答えのない「閉塞感」に覆われた世界で、われわれはどうしていけばよいのだろうか

日本に漂うこの「閉塞感」に対して、われわれはどう向き合えばよいのでしょうか。イベントプロデューサーのテリー植田さんが持論を展開します。


「サマーソニック 2019」に参加

 日本に漂う、東京に漂う、この「閉塞感」はいったい何なのでしょうか?

 私(テリー植田)はイベントプロデューサーとして、イベントや小売店の売場や催事の企画をプロデュースし、メディアで発信していくことを仕事にしています。イベントは、常に新しい文化の「兆し」であるべきだと思っています。

まん延する閉塞感のイメージ(画像:写真AC)

 音楽フェスティバルは、その閉塞感からわれわれを一瞬だけ解放してくれる貴重なイベントで、毎年定番の存在となっています。

 8月16日(金)から18日(日)までの3日間、幕張メッセ(千葉県千葉市)と千葉マリンスタジアム(同)で行われた大型音楽フェスティバルの「サマーソニック 2019」に参加しました。

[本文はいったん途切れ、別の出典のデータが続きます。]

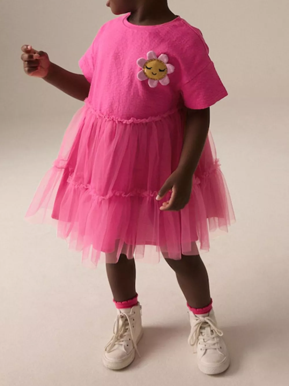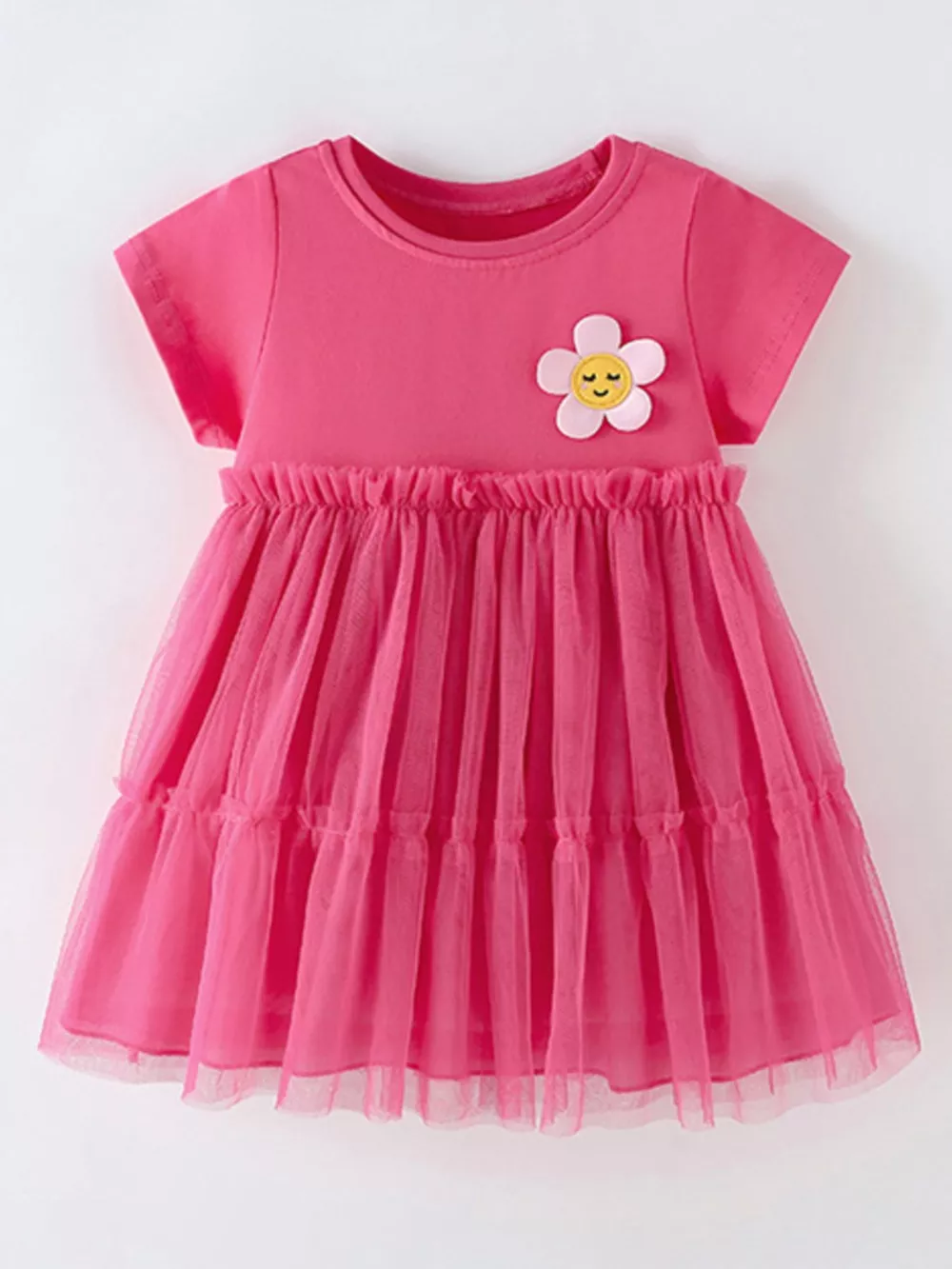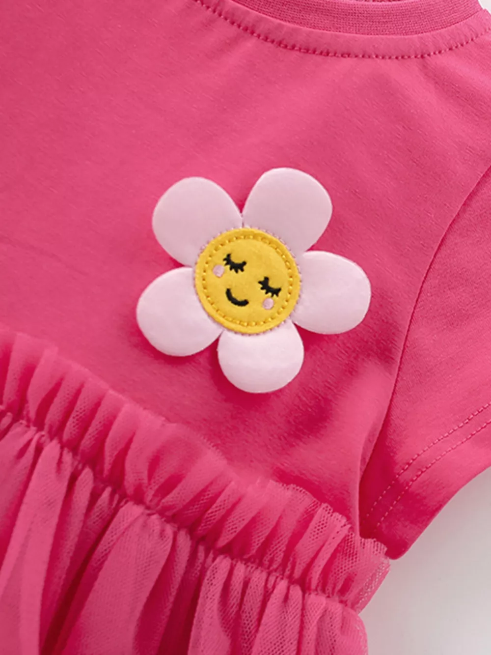 Children's Cute Flower Applique Tulle Layered Dress

参加と言ってももちろんミュージシャンとしてではなく、チケットを買って遊びに行ったわけでもありません。

 実は私、夏だけ、そうめん研究家・ソーメン二郎の肩書きで活動しているのです。私が参加したのは、ソーメン二郎として監修したそうめんメニューを売る店がフードコートに出店しているから。

変化したフジファブリックの歌詞に対する印象

 2018年にそうめんメニューを販売した店は私が監修した店だけでした。しかし、2019年はなんと新規で2店もありました。

夏に消費されるそうめんのイメージ(画像:写真AC)

 サマーソニックのフードメニューは「ソニ飯」と呼ばれるほど、フェス飯の代名詞になっています。そうめん店が3店もあれば、ブームの流行りを感じざるを得ません。私は会場で、そうめん文化の新しい兆しを体感できました。

 7月は冷夏の影響で、そうめんとめんつゆの業界は打撃を受け、消費が非常に遅れましたが、8月に入ってすぐ夏のピークとなりました。ピークを感じるようになると、いつも私の脳内に鳴り響く音楽があります。フジファブリックが2007(平成19)年11月にリリースした「若者のすべて」です。

 この曲を最初に聴いたとき、「素敵なバンドが現れた」くらいに思っていたのですが、なんだか新しい爽快感を感じました。しかしながら、ここ数年は印象が違うのです。歌詞をじっくり読むと爽快感ではなく、まったくもって「どんより」しているのです。